• [What you will do] Below is a listing. Return the lines from the one that contains "Obra esculpida de" to the one that contains "Guru Ratnakar Tripathy", both ends included, verbatim and with no pictures.

[Provided entries Boundary: Start]

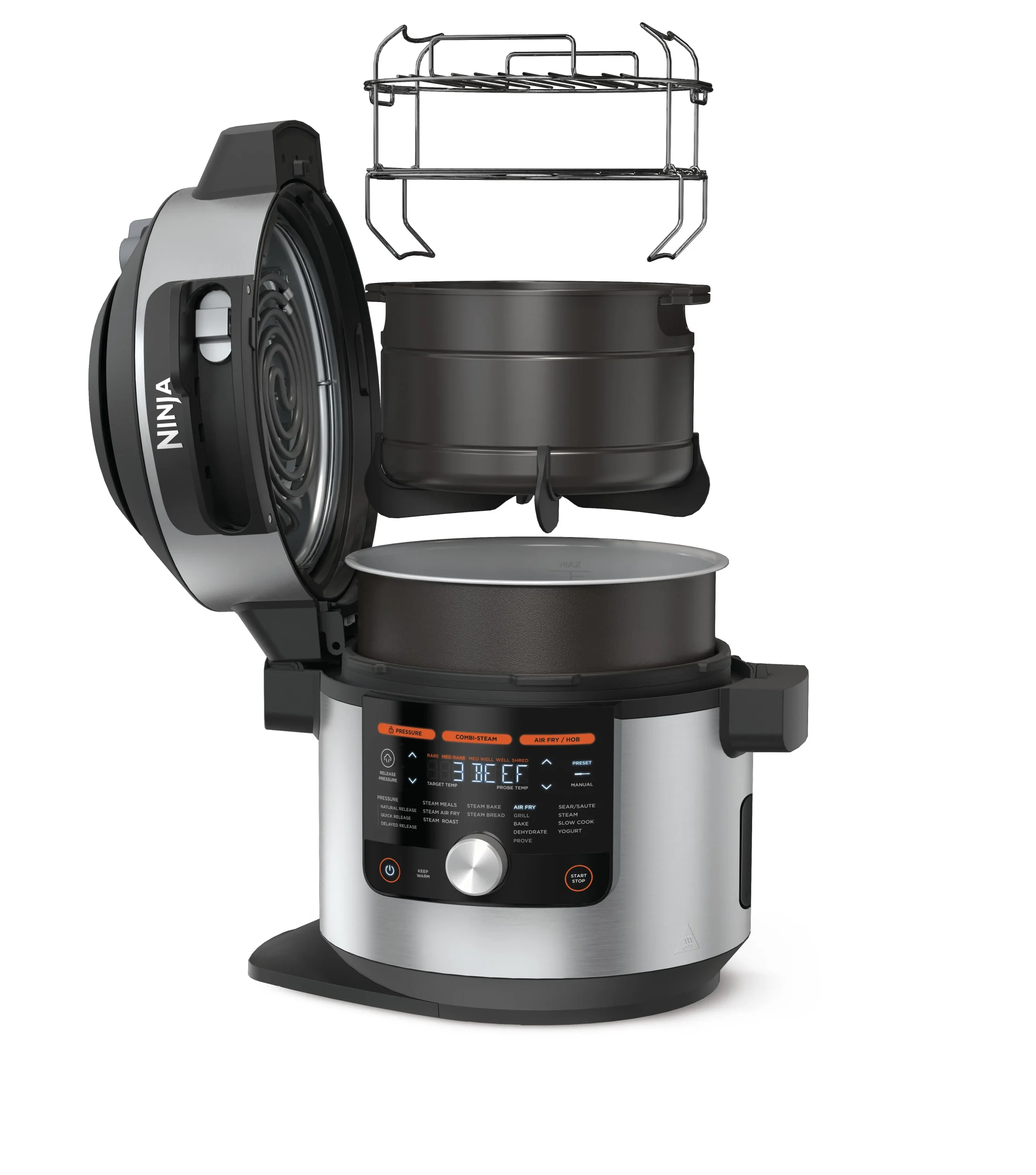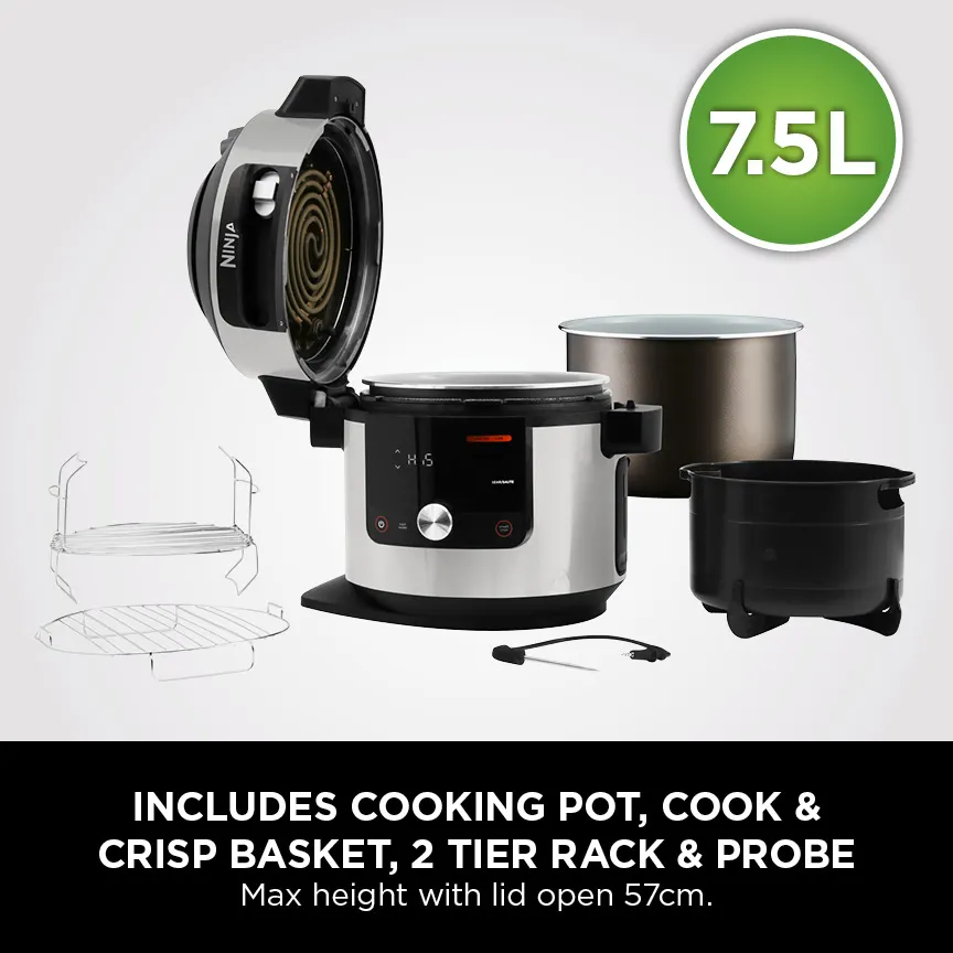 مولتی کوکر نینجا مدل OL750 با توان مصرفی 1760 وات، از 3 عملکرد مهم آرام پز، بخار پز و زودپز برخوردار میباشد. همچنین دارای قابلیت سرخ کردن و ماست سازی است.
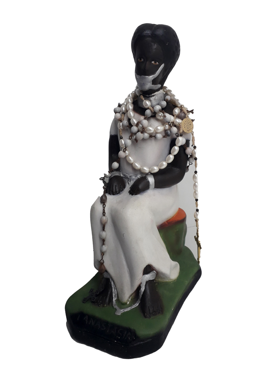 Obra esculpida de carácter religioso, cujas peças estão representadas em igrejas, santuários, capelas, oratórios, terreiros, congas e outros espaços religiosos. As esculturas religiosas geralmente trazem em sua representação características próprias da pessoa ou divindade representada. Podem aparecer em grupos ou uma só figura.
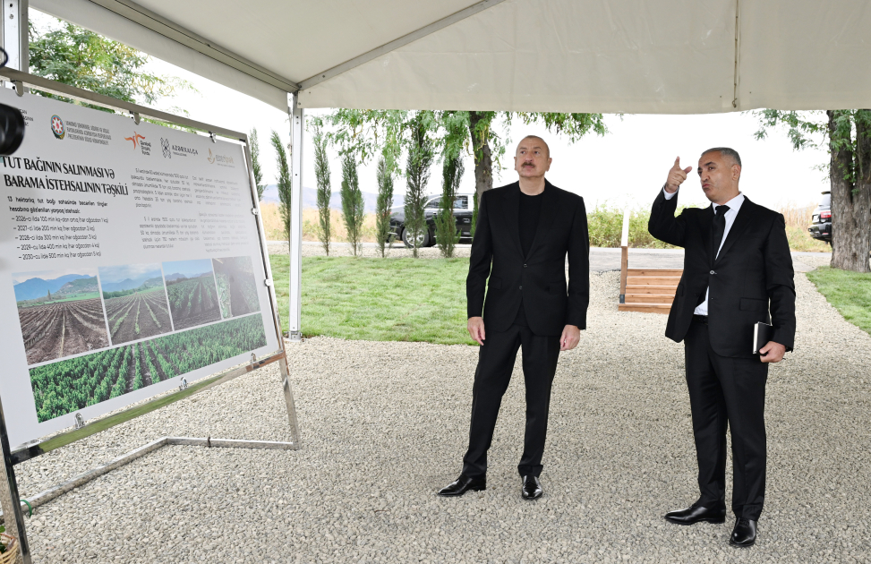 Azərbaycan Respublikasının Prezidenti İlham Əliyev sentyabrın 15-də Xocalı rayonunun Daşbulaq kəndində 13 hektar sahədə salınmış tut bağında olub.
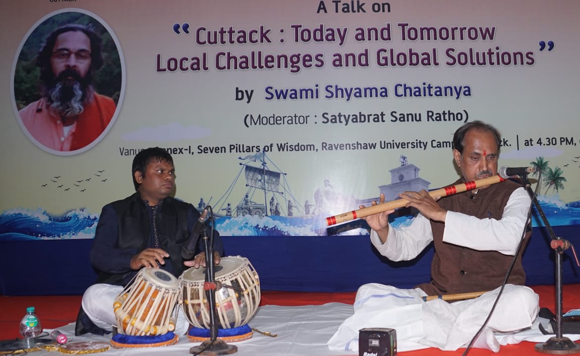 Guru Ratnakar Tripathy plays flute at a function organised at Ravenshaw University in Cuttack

[Provided entries Boundary: End]
[Provided entries Boundary: Start]

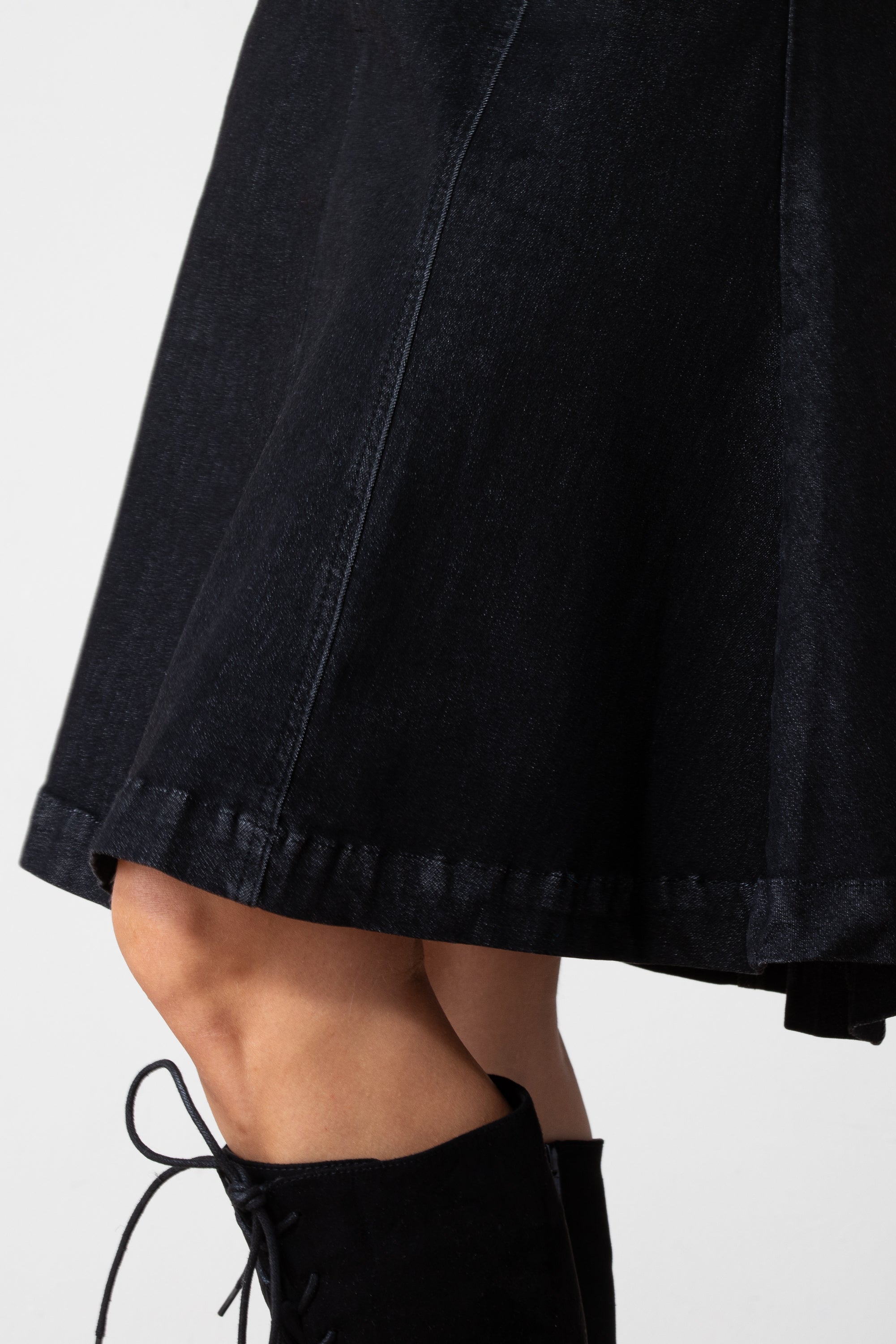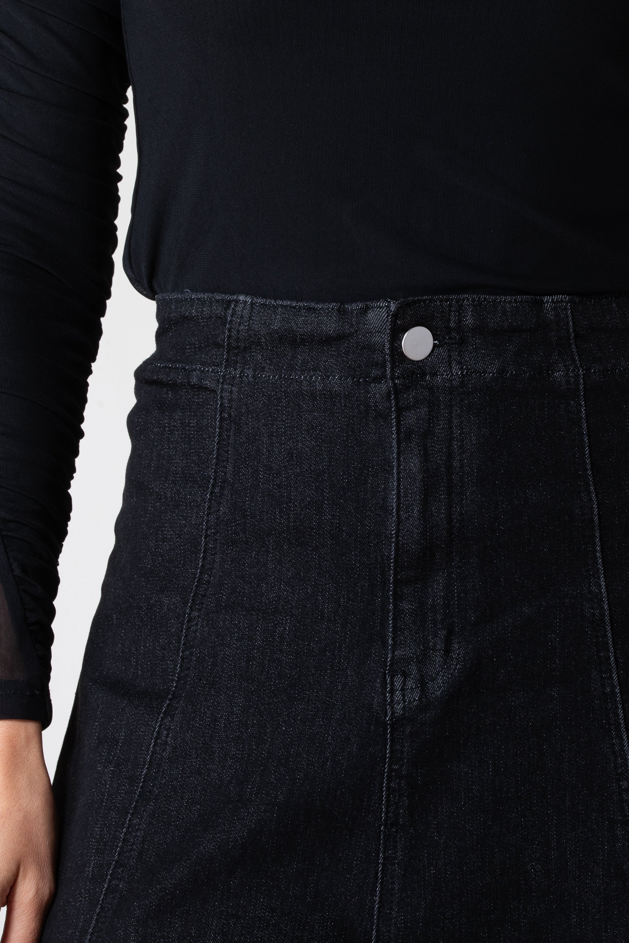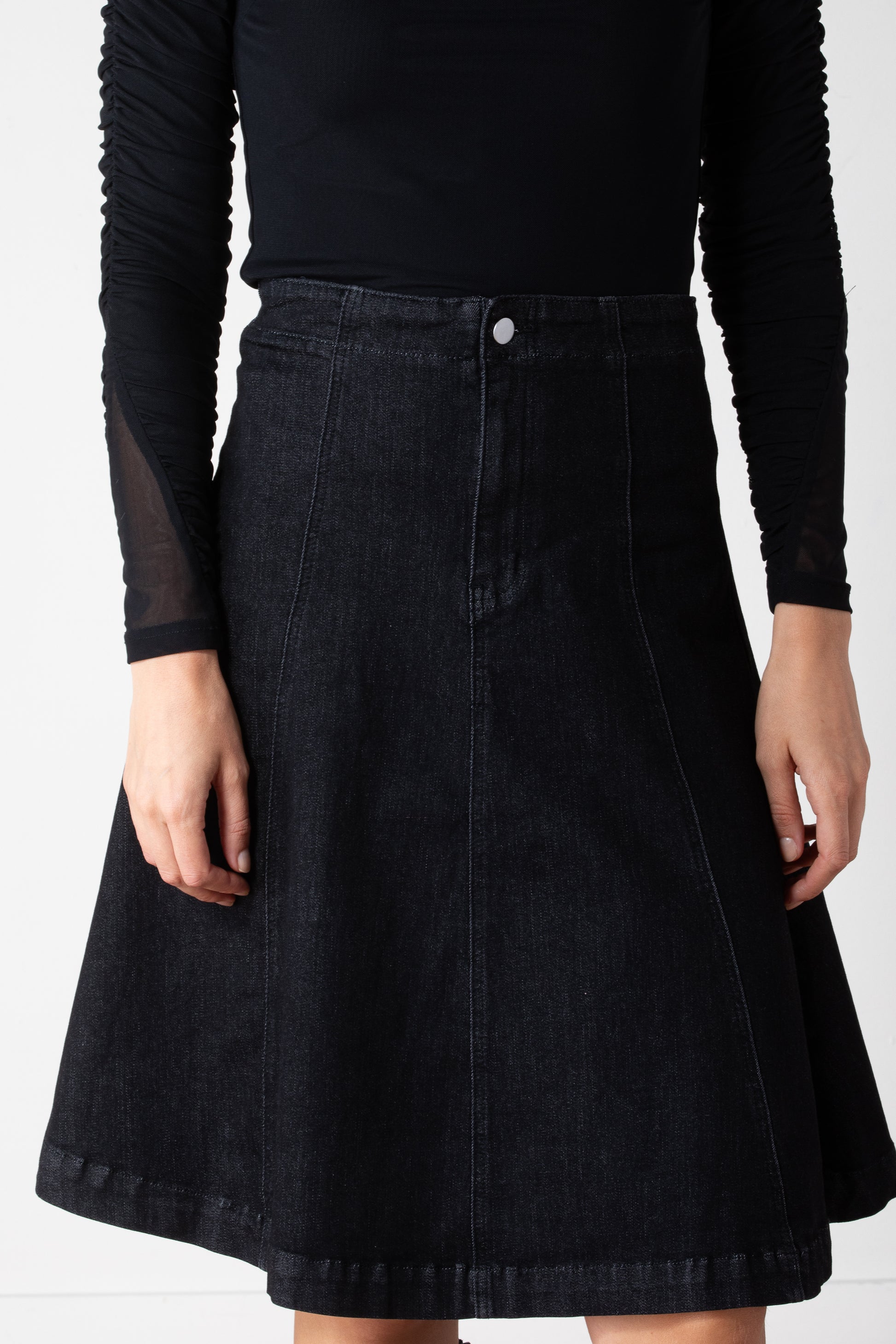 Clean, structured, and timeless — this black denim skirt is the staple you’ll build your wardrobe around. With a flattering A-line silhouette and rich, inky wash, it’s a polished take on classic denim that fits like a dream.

[Provided entries Boundary: End]

• [Written response]
 Obra esculpida de carácter religioso, cujas peças estão representadas em igrejas, santuários, capelas, oratórios, terreiros, congas e outros espaços religiosos. As esculturas religiosas geralmente trazem em sua representação características próprias da pessoa ou divindade representada. Podem aparecer em grupos ou uma só figura.
 Azərbaycan Respublikasının Prezidenti İlham Əliyev sentyabrın 15-də Xocalı rayonunun Daşbulaq kəndində 13 hektar sahədə salınmış tut bağında olub.
 Guru Ratnakar Tripathy plays flute at a function organised at Ravenshaw University in Cuttack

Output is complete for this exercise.